How to Use SPSS for Generalized Estimating Equations
Generalized estimating equations (GEE) are a powerful tool for analyzing repeated measurements or other correlated observations, such as clustered data. GEE extend the generalized linear model to account for the within-subject or within-cluster correlation that is often present in longitudinal or clustered data. In this article, we will show you how to use SPSS for GEE with an example of a randomized controlled trial (RCT) that studied the effects of air pollution on children's respiratory health.
What is GEE?
GEE is a method of estimating the parameters of a generalized linear model when the observations are not independent. For example, in a longitudinal study, the same subjects are measured at different time points, and their responses may be correlated over time. Similarly, in a clustered study, the subjects are grouped into clusters, such as schools or hospitals, and their responses may be correlated within each cluster. GEE takes into account this correlation by specifying a covariance matrix that represents the dependency structure of the data. GEE also provides robust standard errors that are valid even if the covariance matrix is misspecified.
To use SPSS for GEE, you need to have the Custom Tables and Advanced Statistics modules installed. You also need to have your data organized in a long format, where each row represents one observation for one subject at one time point or within one cluster. You need to have variables that identify the subjects and the within-subject or within-cluster factors, such as time or cluster ID. You also need to have a dependent variable and any independent variables that you want to include in your model.

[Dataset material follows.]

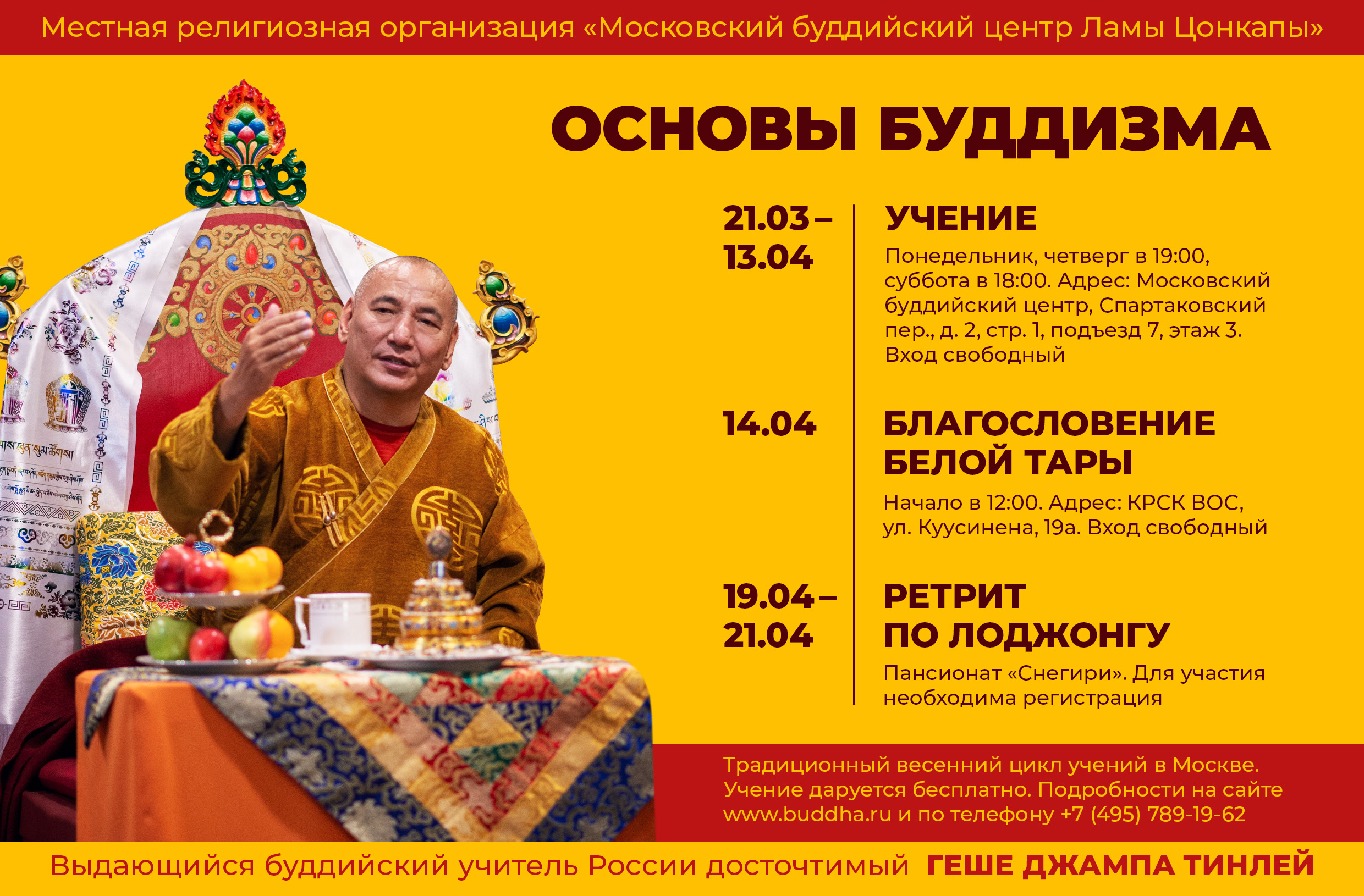 С 21 марта по 14 апреля в Москве состоялся ежегодный весенний цикл лекций Досточтимого Учителя Геше Джампа Тинлея, который вот уже более 30 лет ведёт деятельность по возрождению чистой Дхармы в России.

Here are the steps to perform GEE in SPSS:
From the menus choose: Analyze > Generalized Linear Models > Generalized Estimating Equations...
Select one or more subject variables that uniquely define the subjects within the dataset. For example, a single Patient ID variable should be sufficient to define subjects in a single hospital, but the combination of Hospital ID and Patient ID may be necessary if patient identification numbers are not unique across hospitals.
On the Type of Model tab, specify a distribution and link function for your dependent variable. For example, if your dependent variable is binary, you can choose Binomial distribution and Logit link function.
On the Response tab, select your dependent variable.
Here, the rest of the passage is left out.